*** Opening Source information ***

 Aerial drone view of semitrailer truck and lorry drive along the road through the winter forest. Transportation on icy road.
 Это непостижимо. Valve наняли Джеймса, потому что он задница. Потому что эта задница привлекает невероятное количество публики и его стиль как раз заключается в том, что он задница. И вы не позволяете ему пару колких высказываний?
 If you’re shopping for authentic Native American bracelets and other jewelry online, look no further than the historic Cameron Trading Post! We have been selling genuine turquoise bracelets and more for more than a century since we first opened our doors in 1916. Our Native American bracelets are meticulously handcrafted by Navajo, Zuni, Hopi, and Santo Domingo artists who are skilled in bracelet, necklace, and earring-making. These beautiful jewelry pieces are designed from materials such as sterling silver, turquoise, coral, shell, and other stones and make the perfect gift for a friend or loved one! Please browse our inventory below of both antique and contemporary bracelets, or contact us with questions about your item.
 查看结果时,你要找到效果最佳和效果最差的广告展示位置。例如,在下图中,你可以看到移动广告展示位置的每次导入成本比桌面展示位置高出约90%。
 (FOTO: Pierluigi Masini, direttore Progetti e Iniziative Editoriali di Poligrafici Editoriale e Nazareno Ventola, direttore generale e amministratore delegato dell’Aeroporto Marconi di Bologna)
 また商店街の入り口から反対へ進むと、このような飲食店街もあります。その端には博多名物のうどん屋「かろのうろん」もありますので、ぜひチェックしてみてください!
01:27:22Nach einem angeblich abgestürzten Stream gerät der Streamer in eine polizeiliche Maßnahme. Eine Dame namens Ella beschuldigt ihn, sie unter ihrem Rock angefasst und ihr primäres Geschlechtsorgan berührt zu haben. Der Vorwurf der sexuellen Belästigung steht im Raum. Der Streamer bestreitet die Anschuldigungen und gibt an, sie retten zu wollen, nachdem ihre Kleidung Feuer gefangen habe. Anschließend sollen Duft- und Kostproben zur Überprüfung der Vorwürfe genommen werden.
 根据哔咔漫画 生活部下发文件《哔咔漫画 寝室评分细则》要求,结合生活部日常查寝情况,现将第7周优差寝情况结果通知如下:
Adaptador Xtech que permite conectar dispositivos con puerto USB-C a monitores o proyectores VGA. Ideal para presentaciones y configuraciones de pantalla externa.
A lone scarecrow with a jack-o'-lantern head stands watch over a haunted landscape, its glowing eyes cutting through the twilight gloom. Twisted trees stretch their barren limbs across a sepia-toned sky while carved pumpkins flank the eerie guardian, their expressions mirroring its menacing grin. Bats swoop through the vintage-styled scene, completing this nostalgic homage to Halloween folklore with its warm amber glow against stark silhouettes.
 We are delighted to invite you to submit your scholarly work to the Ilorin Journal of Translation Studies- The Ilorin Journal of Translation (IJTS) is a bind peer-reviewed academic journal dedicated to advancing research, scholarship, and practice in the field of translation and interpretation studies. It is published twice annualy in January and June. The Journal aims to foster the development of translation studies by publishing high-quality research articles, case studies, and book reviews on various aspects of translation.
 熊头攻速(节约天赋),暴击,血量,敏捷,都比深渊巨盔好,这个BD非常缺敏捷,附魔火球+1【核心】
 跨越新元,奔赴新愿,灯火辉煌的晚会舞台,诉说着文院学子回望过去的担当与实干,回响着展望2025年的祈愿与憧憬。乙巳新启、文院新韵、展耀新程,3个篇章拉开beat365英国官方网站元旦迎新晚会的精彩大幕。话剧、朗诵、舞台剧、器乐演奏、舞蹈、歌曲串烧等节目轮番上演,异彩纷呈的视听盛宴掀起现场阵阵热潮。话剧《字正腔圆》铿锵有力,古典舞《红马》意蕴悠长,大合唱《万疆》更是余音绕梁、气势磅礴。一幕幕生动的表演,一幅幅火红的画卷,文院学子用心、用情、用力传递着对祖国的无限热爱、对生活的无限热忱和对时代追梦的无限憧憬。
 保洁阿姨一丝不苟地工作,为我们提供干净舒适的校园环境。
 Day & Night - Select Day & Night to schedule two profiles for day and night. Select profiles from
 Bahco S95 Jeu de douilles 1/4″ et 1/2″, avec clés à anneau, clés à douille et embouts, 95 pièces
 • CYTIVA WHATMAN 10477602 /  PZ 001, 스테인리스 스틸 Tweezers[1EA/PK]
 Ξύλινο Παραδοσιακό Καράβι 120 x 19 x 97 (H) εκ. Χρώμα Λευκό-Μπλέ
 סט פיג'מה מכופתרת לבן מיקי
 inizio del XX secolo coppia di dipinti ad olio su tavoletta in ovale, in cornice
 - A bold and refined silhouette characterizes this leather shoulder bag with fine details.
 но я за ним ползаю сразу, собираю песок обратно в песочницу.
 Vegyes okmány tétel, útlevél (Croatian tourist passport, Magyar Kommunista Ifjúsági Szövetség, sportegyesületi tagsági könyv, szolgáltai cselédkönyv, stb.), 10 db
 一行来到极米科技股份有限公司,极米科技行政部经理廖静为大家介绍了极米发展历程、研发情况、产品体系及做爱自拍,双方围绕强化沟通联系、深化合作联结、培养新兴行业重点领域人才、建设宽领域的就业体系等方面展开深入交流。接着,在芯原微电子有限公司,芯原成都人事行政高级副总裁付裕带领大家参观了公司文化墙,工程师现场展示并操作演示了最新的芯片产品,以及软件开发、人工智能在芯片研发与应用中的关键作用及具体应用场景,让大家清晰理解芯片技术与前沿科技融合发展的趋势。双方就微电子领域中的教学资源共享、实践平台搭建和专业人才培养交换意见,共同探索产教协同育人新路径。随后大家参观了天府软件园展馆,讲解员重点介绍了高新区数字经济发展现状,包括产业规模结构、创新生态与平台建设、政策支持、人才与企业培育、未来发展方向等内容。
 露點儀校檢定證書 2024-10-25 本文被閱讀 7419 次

*** Closing Source information ***

| Problem description |
Copy back the listing above exactly, but only from the line with "01:27:22Nach einem angeblich" through the line with "Adaptador Xtech que", both ends included.

| Response for this exercise |
01:27:22Nach einem angeblich abgestürzten Stream gerät der Streamer in eine polizeiliche Maßnahme. Eine Dame namens Ella beschuldigt ihn, sie unter ihrem Rock angefasst und ihr primäres Geschlechtsorgan berührt zu haben. Der Vorwurf der sexuellen Belästigung steht im Raum. Der Streamer bestreitet die Anschuldigungen und gibt an, sie retten zu wollen, nachdem ihre Kleidung Feuer gefangen habe. Anschließend sollen Duft- und Kostproben zur Überprüfung der Vorwürfe genommen werden.
 根据哔咔漫画 生活部下发文件《哔咔漫画 寝室评分细则》要求,结合生活部日常查寝情况,现将第7周优差寝情况结果通知如下:
Adaptador Xtech que permite conectar dispositivos con puerto USB-C a monitores o proyectores VGA. Ideal para presentaciones y configuraciones de pantalla externa.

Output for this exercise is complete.